Using the data below, reproduce exactly the lines from the line with "1. Geaca cu" to the line with "Espejo perfilado con", both included; pictures must be dropped.

DATASET CONTENT:
= = = = =
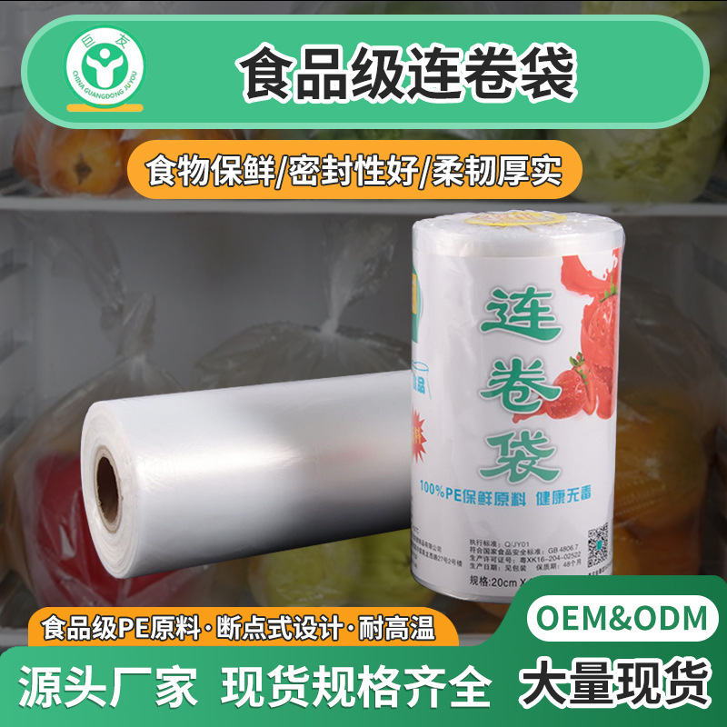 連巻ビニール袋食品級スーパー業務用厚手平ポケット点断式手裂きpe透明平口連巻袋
= = = = =
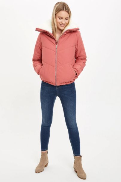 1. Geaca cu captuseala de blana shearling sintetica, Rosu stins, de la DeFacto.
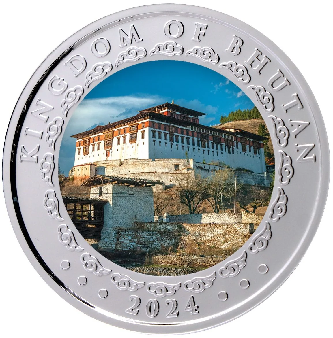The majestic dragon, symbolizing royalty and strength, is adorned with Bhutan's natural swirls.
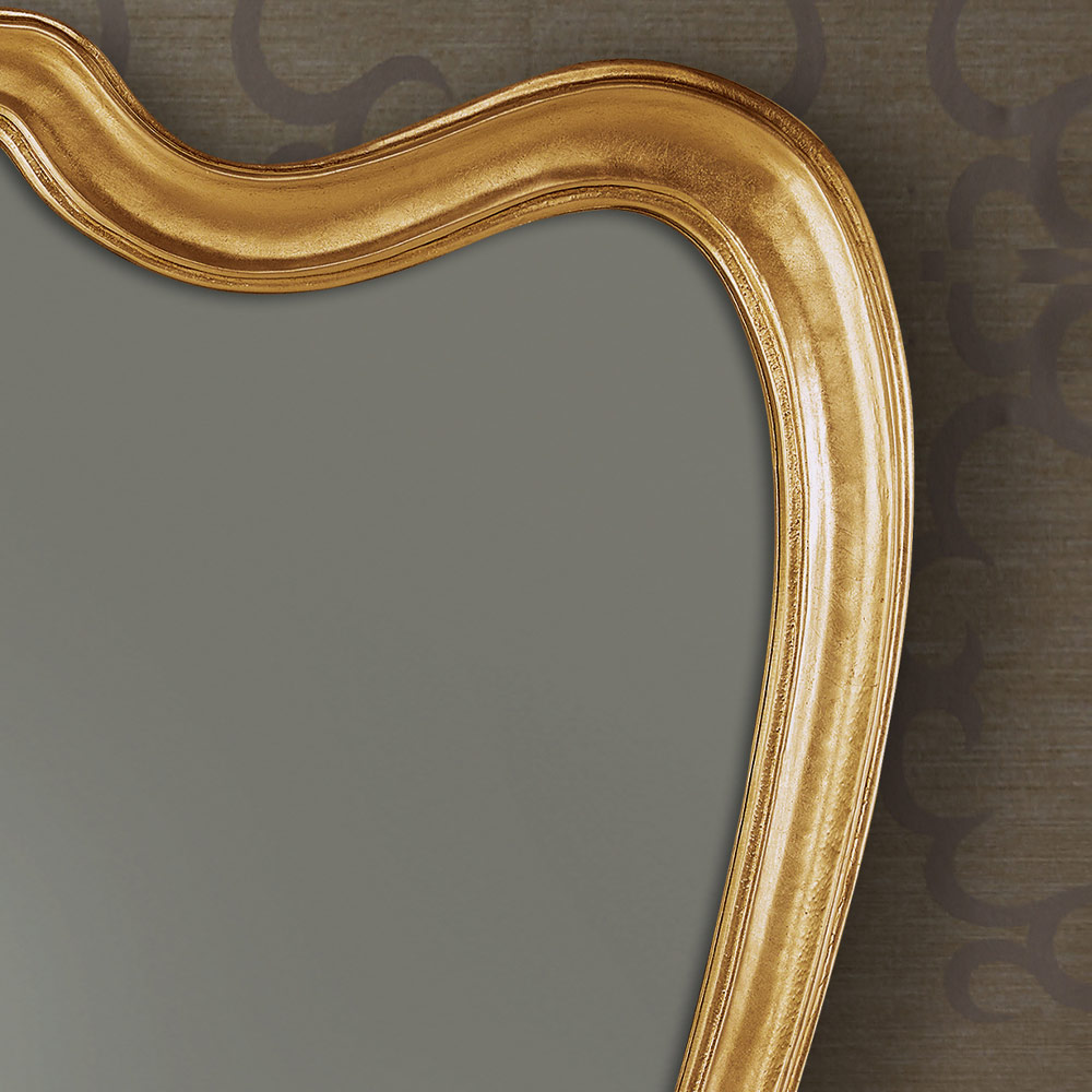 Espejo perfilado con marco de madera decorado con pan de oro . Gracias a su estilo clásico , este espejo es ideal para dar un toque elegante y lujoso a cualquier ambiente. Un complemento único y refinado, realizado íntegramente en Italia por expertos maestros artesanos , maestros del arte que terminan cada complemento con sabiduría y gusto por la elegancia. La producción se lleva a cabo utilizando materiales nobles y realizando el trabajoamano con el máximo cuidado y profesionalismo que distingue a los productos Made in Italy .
= = = = =
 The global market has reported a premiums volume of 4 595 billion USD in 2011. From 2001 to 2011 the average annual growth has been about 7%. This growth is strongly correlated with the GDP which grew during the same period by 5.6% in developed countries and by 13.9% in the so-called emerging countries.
= = = = =
WRITTEN REPLY:
 1. Geaca cu captuseala de blana shearling sintetica, Rosu stins, de la DeFacto.
The majestic dragon, symbolizing royalty and strength, is adorned with Bhutan's natural swirls.
 Espejo perfilado con marco de madera decorado con pan de oro . Gracias a su estilo clásico , este espejo es ideal para dar un toque elegante y lujoso a cualquier ambiente. Un complemento único y refinado, realizado íntegramente en Italia por expertos maestros artesanos , maestros del arte que terminan cada complemento con sabiduría y gusto por la elegancia. La producción se lleva a cabo utilizando materiales nobles y realizando el trabajoamano con el máximo cuidado y profesionalismo que distingue a los productos Made in Italy .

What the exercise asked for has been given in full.